Tongue Examination of Sublingual Veins

Tim H. Tanaka, Ph.D.
ICMART 2011 World Congress on Medical Acupuncture,
The Hague, Netherlands, May, 2011


Observation of sublingual vein (SLV) appearance is considered as a vital component of traditional tongue diagnosis. Tongue appearance can vary due to both internal and external factors, including the fact that tongue shape and the appearance of SLVs can change depending on the way a patient sticks out his/her tongue. However, most TCM texts fail to mention it or offer ambiguous information when it comes to SLV inspection. In order to clarify the matter, a series of digital images of the tongue at different tongue elevation angles have been taken. Those images were inspected based on four different diagnostic parameters and evaluated morphological and color alterations of SLVs within the subject.


142 subjects (mean age: 39.1±9.6) were asked to stick out their tongues in three specific ways, using anatomical landmarks and palate diagrams.

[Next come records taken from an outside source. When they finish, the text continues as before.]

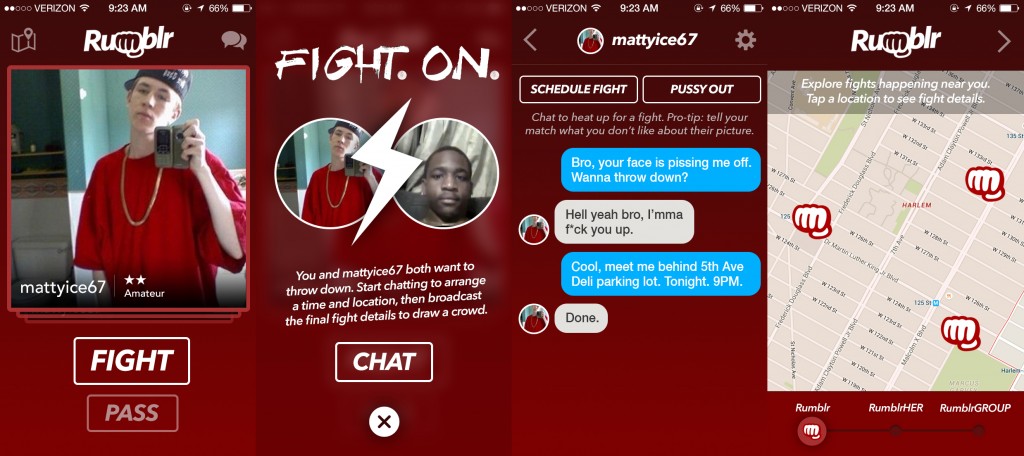 Az ötlet szerint a Rumblr pont úgy működött volna, mint például a Tinder, vagyis a verekedni vágyók regisztráció után jobbra-balra húzogatással válogathattak volna a többi pofonláda között, és ha egymásra találnak az igazival, akkor máris lefixálhatják a helyet, ahol majd péppé verik egymást. Extraként az alkalmazás egy térképet is mutatott volna a közeledben éppen zajló bunyókkal, amibe akár be is kapcsolódhatsz - ebben a tekintetben simán felülmúlta a Tindert.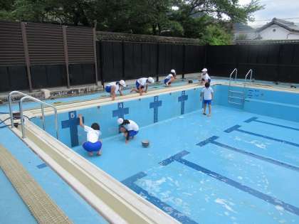 たわしを使って、プールサイドの溝やプールの中をこすって、きれいにしました。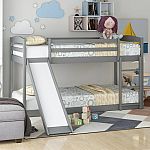 Euroco Solid Wood Twin over Twin Bunk Bed with Slide and Ladder for Kids $158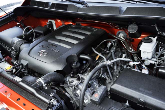 5.7ℓV8エンジンは381hp@5600rpmの最高出力と401lbft@3600rpmの最大トルクを発揮する。TRDプロはスポーティなグレードで、タイヤは275/65R 18オールテレーンをセット。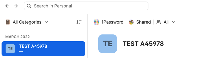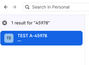 - Create an entry with the name "TEST A45978", to trigger the bug, the name has to have a number on it but with letters attached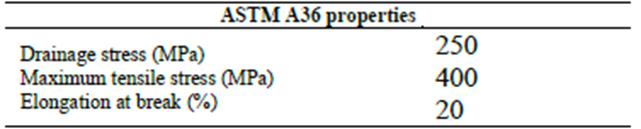 Table 2: Minimum values for the properties of A36 steel established by the ASTM standard.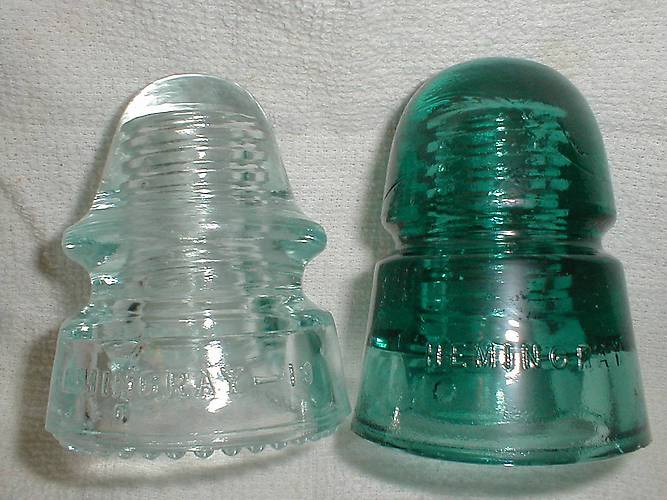 The more I looked the better the glass became! CD 162 Hemingray-19 in ice blue and a CD 145 smooth base Hemingray with no rear skirt embossing.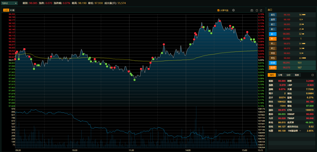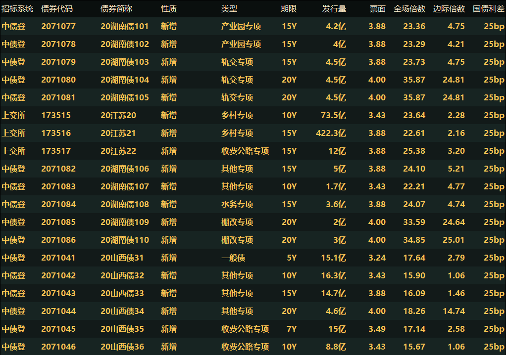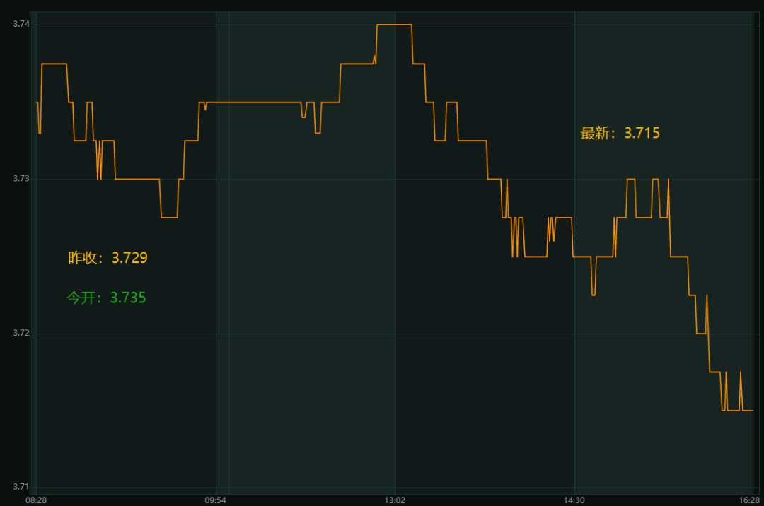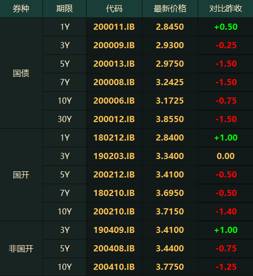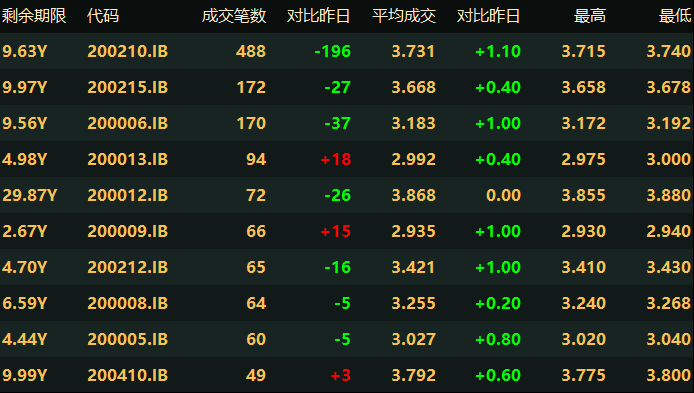 国债期货小幅收涨。截至收盘,10年期主力合约涨0.07%,5年期主力合约涨0.03%,2年期主力合约涨0.01%。沪指震荡下挫,收于3224.53,跌1.47%。剩余期限9.63Y 20国开10 收益率震荡下行,最高成交在3.74%,最低成交在3.7225%,实时行情3.715%,较昨收下行1.4BP。今日成交488笔(昨日成交684笔)。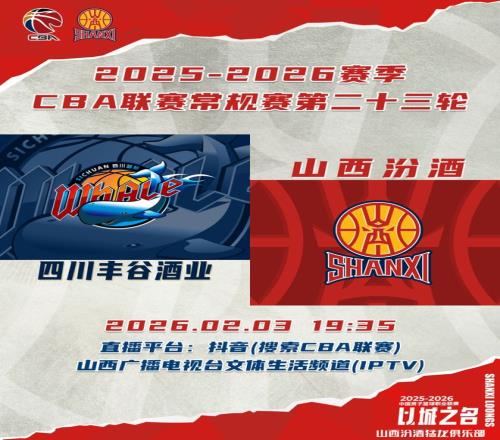 北京時間2026年2月3日19:35,2025-2026賽季CBA聯(lián)賽常規(guī)賽第23輪繼續(xù)進行,山西汾酒客場挑戰(zhàn)四川豐谷酒業(yè),球迷觀眾可以通過抖音(搜索CBA聯(lián)賽)、山西廣播電視臺文體生活頻道(IPTV)觀看比賽實況,與我們一同為山西汾酒男籃加油助威!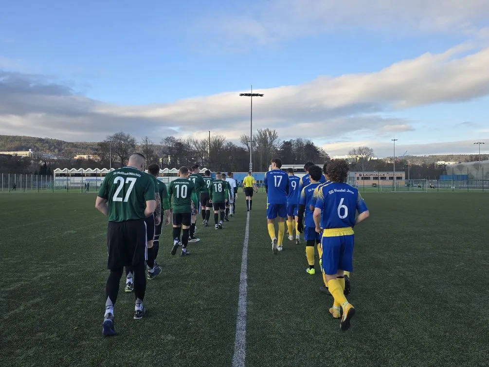 Was für ein schöner Sieg im letzten Spiel des Jahres! Unsere Jungs der SGM haben bei der SG Handel Jena einen guten Job gemacht. Trotz Minikader haben sie ihre Aufgabe auf ganzer Linie gemeistert. Mit den Toren von Jungspund Maximilian Otto, Altmeister Sandro Plietzsch, Geburtstagskind Niclas Krause und Türsteher Martin Fritz hat die Mannschaft einen souveränen 4:0-Sieg erzielt! Wir gratulieren von Herzen zu diesem Erfolg!

The variations were designed to create approximately three different tongue angles (approximately 30, 45, and 80 degrees). Subjects held each tongue position approximately for 1 second in relaxed manner while photo being taken. There were about 5 second intervals between the three tongue positions.

Subjects’ tongue images were captured using a digital SLR camera with a macro lens and twin flash system. Focal length (70mm), aperture (F19), color temperature (5500 K), and other settings remained consistent throughout the examinations.

Acquired images were transferred to PC, and then morphological and color characteristics of SLVs were evaluated on 4 commonly used parameters, which are length, thickness, tortuousness (including varicosis and nodule) and color of the SLV. Alterations on each parameter were classified as “no change”, “moderate change” and “marked change”


A total of 426 images from 142 subjects were carefully examined on PC monitor. There were marked changes on length (24.6%, n=35), thickness (20.4%, n=29), tortuousness (14.8%, n=21) and color (16.9%, n=24,) of the SLV. Abnormal characteristics of SLVs were pronounced on both occasions when subjects tongue elevation was larger and smaller.

Discussion and Conclusion:

It has been stated that abnormal SLV appearance may be suggestive of conditions including hepatitis, coronary heart disease, and hypertension. In Traditional East Asian Medicine, it is generally considered to reflect a disease pattern of blood stasis.

In the present study, notable alterations of SLV appearance were observed in multiple cases, depending on the tongue angle. It suggests the vital importance of developing standardized SLV inspection procedures to minimize intrasubject variability and enhance reproducibility of this widely used traditional diagnostic method.